#### [What is being asked]
Give again only the lines from the line that holds "I had also discovered" to the end of the data, inclusive, omitting all pictures.

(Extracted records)
*-*-*
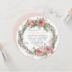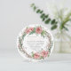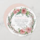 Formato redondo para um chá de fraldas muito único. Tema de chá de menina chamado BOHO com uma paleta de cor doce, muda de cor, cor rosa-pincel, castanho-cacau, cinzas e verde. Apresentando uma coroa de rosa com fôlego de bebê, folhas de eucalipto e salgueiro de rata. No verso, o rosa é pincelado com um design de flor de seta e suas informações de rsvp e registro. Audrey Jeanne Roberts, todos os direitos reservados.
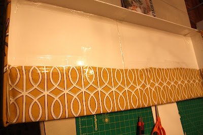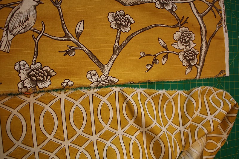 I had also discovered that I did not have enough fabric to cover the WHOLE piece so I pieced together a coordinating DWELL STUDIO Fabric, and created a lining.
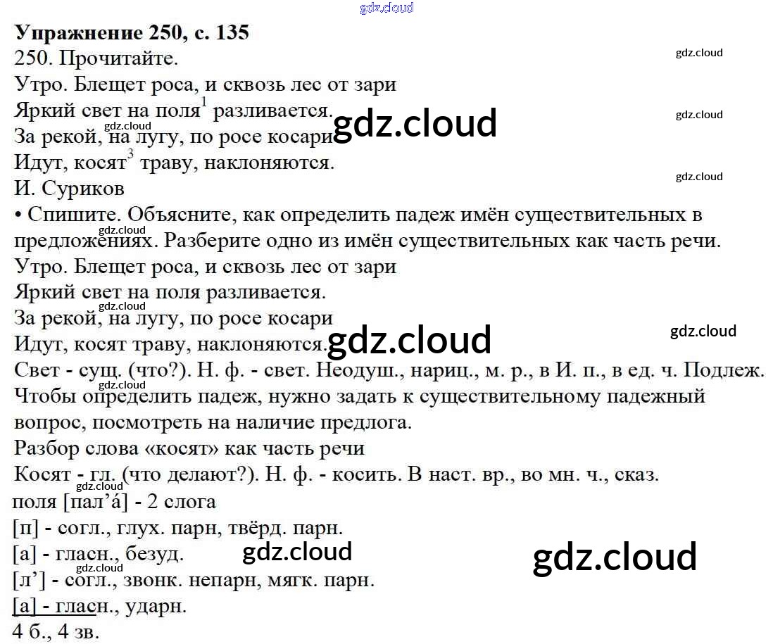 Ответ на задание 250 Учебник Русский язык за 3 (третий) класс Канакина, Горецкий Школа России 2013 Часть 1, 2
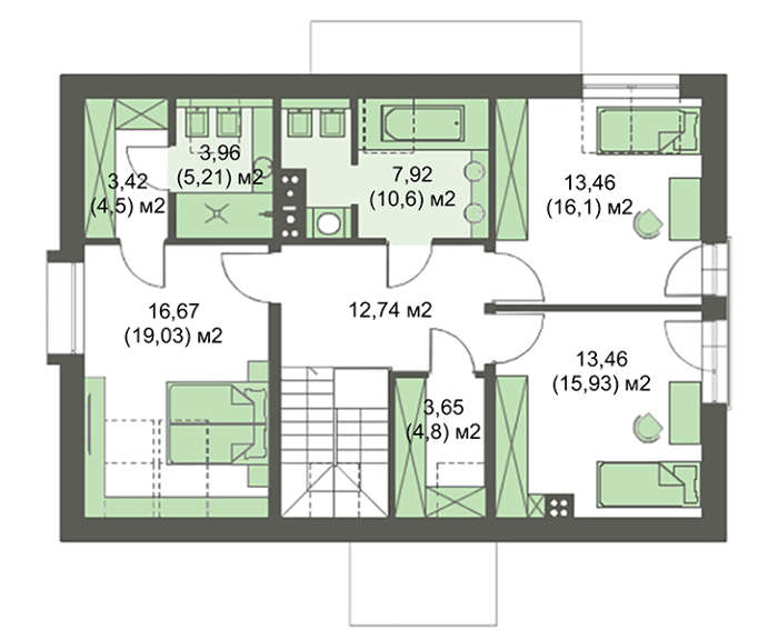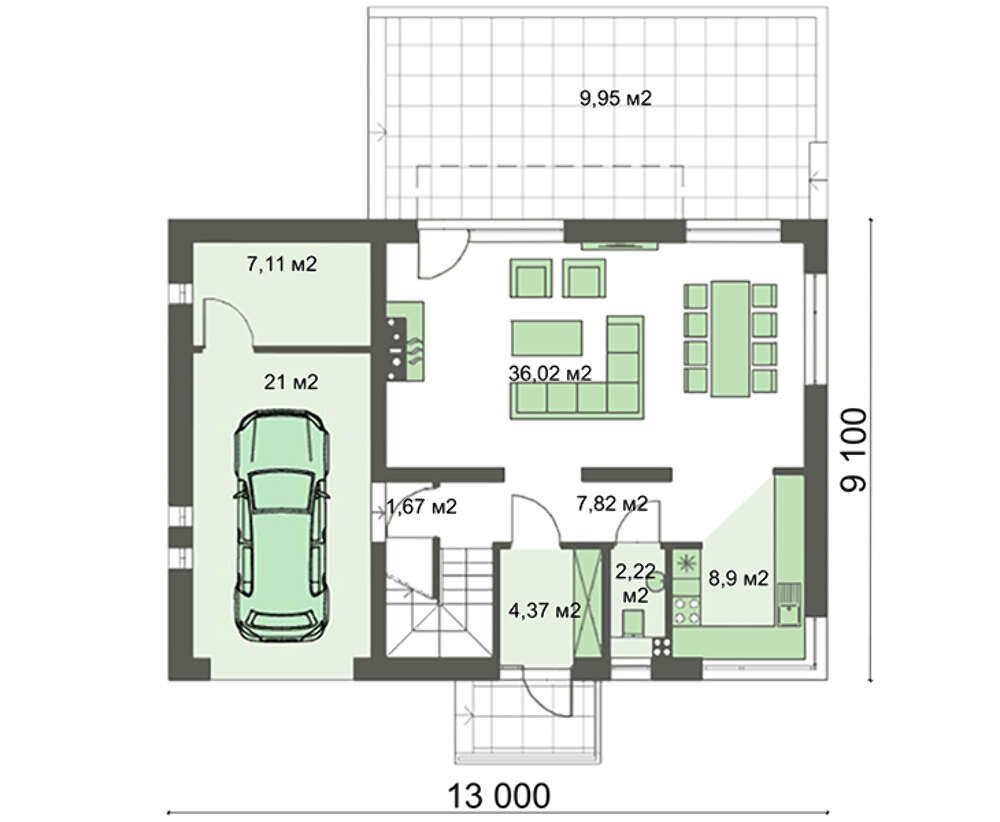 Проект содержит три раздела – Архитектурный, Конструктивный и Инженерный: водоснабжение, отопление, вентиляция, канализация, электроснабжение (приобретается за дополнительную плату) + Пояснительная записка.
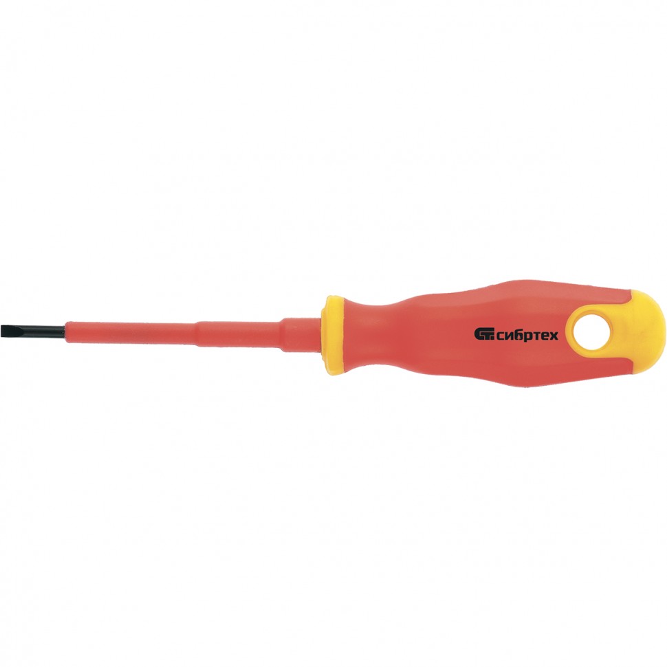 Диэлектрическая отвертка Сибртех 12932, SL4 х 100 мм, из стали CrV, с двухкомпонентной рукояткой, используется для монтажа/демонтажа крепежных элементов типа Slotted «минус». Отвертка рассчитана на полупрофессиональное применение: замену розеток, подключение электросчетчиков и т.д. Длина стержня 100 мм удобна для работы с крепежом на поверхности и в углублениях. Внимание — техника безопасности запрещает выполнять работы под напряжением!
*-*-*
#### [Written answer]
 I had also discovered that I did not have enough fabric to cover the WHOLE piece so I pieced together a coordinating DWELL STUDIO Fabric, and created a lining.
 Ответ на задание 250 Учебник Русский язык за 3 (третий) класс Канакина, Горецкий Школа России 2013 Часть 1, 2
 Проект содержит три раздела – Архитектурный, Конструктивный и Инженерный: водоснабжение, отопление, вентиляция, канализация, электроснабжение (приобретается за дополнительную плату) + Пояснительная записка.
 Диэлектрическая отвертка Сибртех 12932, SL4 х 100 мм, из стали CrV, с двухкомпонентной рукояткой, используется для монтажа/демонтажа крепежных элементов типа Slotted «минус». Отвертка рассчитана на полупрофессиональное применение: замену розеток, подключение электросчетчиков и т.д. Длина стержня 100 мм удобна для работы с крепежом на поверхности и в углублениях. Внимание — техника безопасности запрещает выполнять работы под напряжением!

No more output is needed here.